A denúncia, apresentada pelo partido Republicanos e por dois eleitores, apontava que o Podemos teria lançado candidaturas femininas apenas para cumprir o percentual mínimo de 30% exigido pela legislação eleitoral. O foco estava nas candidaturas de Brenda Carvalho, Maria das Graças de Araújo Coutinho e Ana Amélia Mendes Lobo Jardim, acusadas de participarem do pleito apenas de forma simulada, sem campanha efetiva, com votações inexpressivas e movimentações financeiras suspeitas.
Na sentença, a magistrada reconhece que, embora o desempenho eleitoral tenha sido baixo — Brenda com 18 votos, Maria das Graças com 103 e Ana Amélia com 394 —, isso, isoladamente, não caracteriza fraude. Para ela, há nos autos elementos que comprovam atos de campanha, como produção de material gráfico, participação em eventos e mobilização mínima, suficientes para afastar a tese de candidatura fictícia. A juíza também ressaltou que não se pode exigir que toda campanha dependa exclusivamente de redes sociais ou alcance resultados expressivos para ser considerada legítima.
Apesar da decisão favorável ao Podemos na primeira instância, o caso está longe de um desfecho. A própria sentença reconhece que o Tribunal Regional Eleitoral (TRE-MA) tem autonomia para reformar o entendimento.
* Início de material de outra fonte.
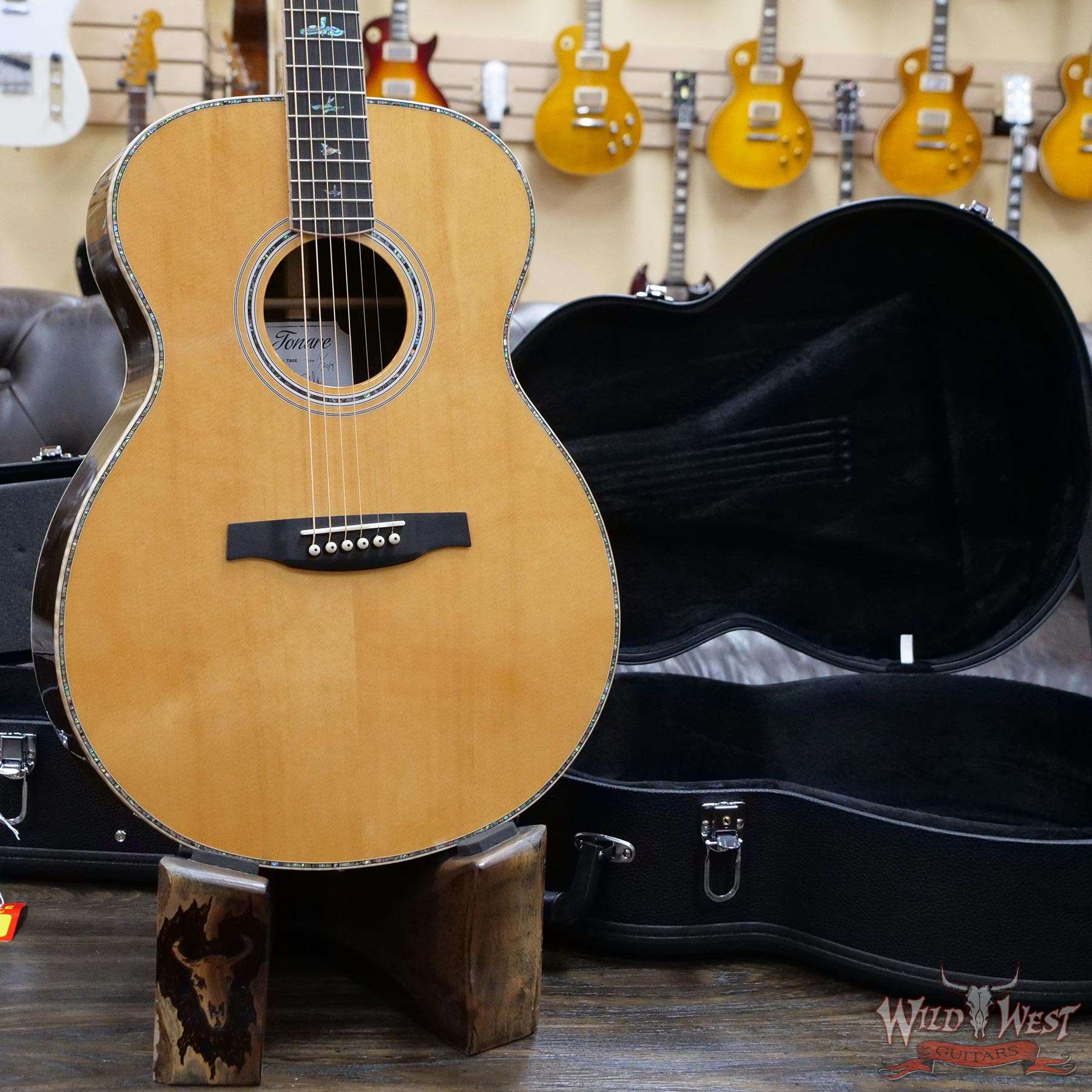 The PRS SE T60E pairs ziricote back and sides with a solid spruce top. The tone favors a full bottom end with rolled-off highs reminiscent of some vintage acoustic guitars. When matched with PRS hybrid“X”/ Classical bracing, which allows the top to freely vibrate, the SE T60E’s voice projects with breathtaking volume and delicate nuance. The Tonare Grand body shape delivers a familiar feel and a thunderous tone, well suited for picking and fingerstyle playing.

Na prática, os vereadores de São Luís, Fábio Macedo Filho, Wendell Martins e Raimundo Nonato dos Santos Júnior seguem sob risco de perderem seus mandatos, caso o pleno do TRE entenda que houve, sim, descumprimento da cota de gênero.
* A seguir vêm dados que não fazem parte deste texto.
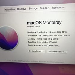 2015 15.4” Apple MacBook Pro i7 Quad Core 16GB RAM 256GB SSD macOS Monterey Retina EXCELLENT$649Medina, OH

O caso ganhou ainda mais repercussão pela divergência de entendimentos que vêm sendo adotados pela Justiça Eleitoral em todo o país. Enquanto alguns tribunais têm sido rigorosos na análise de indícios de candidaturas fraudulentas, outros exigem provas mais robustas e incontestáveis.
Agora, caberá ao TRE-MA avaliar os recursos que devem ser apresentados pelos autores da ação. Caso entenda pela existência da fraude, o tribunal poderá não apenas cassar os mandatos, mas também anular todos os votos do partido e determinar uma nova recontagem do quociente eleitoral.
A nova decisão causou estranheza. Isso porque o processo reúne uma série de provas consideradas contundentes, como documentos, conversas, registros em redes sociais e, principalmente, a própria confissão de Brenda Carvalho, que admitiu ter sido coagida a se candidatar apenas para preencher a cota feminina. Além disso, ela prestou depoimento à Polícia Federal, no âmbito de uma operação que revelou outras irregularidades, incluindo contratos suspeitos, repasses de recursos e utilização de empresas ligadas a dirigentes do partido. Mesmo diante desse conjunto de evidências, a sentença ignorou pontos que, na visão dos autores da ação seriam mais que suficientes para comprovar a fraude.